New Concept in Software Testing: Introducing the "Bug Video" - anthropocentric
http://blog.getbugcam.com

======
keane
While maybe not a completely new concept, this does have some thoughtful
features.

Like he says, a picture does say a thousand words. Sometimes there are
bugs/behavior that are either difficult to describe or simply much easier to
understand when presented with a video. I once recorded a short bug video for
Airbnb when I saw odd behavior on their homepage in one browser and not in
another, and I used Screenr to do this, which you can see here -
<http://www.screenr.com/IYq>

Using Screenr was simple but does have differences from what he seems to be
proposing, namely ease of use and secure sharing. Screenr was easy enough to
use but I did have to log-in. To have a typical user provide feedback and even
go to the trouble of recording a video, it would make sense to allow anonymous
uploads or simple one-step registration. And with Screenr there doesn't seem
to be a way to have private videos (like YouTube or Vimeo) so I had to publish
it to my profile (at least back in December).

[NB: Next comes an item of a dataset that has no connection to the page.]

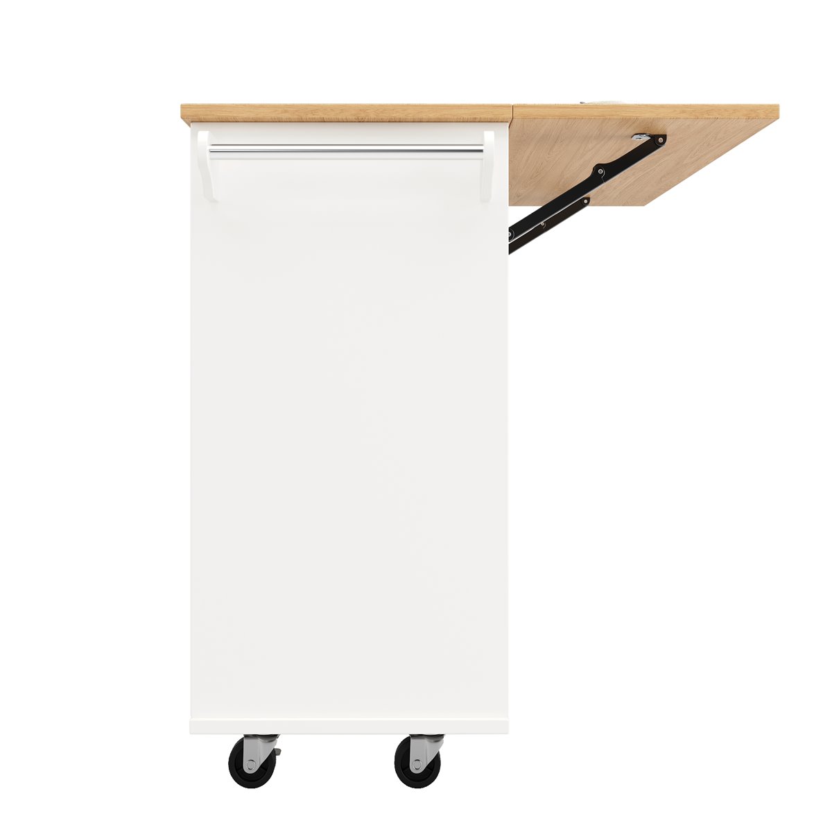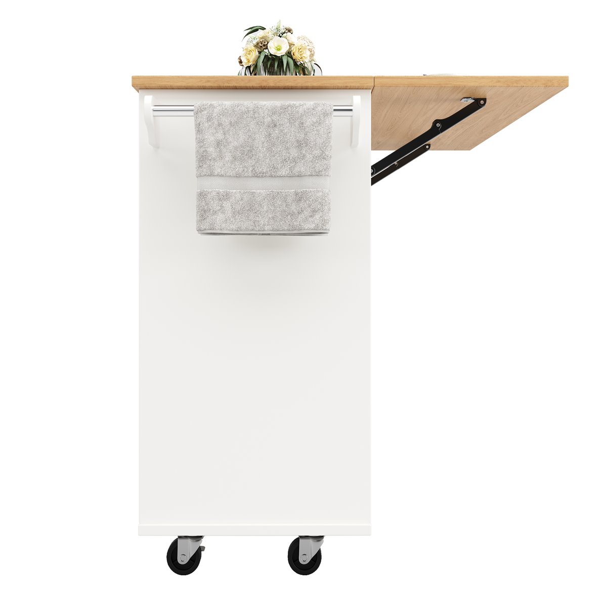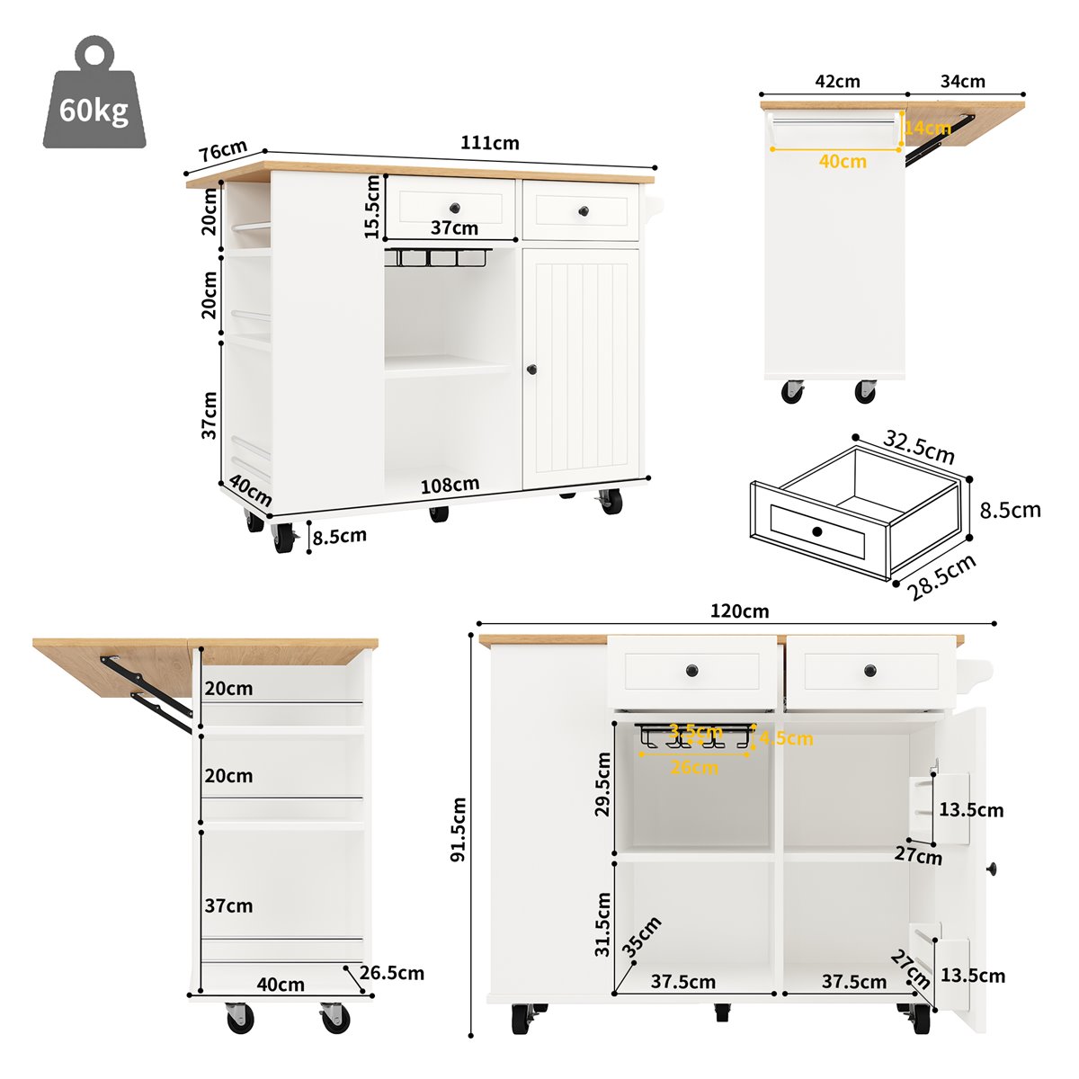 - Diseño práctico: Incluye un soporte para copas de vino, un estante para bocadillos en la puerta del armario y una superficie de trabajo con acabado de madera de alta calidad.

By making it very simple and painless to record and submit a video, and by
making submitted videos private only to devs, a service that packages all of
this for either software development or consumer facing websites could be a
successful endeavor. Best of luck to them!

------
rawsyntax
The article goes on to say that it's not a new concept. What they're
suggesting is basically screencast.com linked in a bug report. Good idea, but
all the necessary parts are already built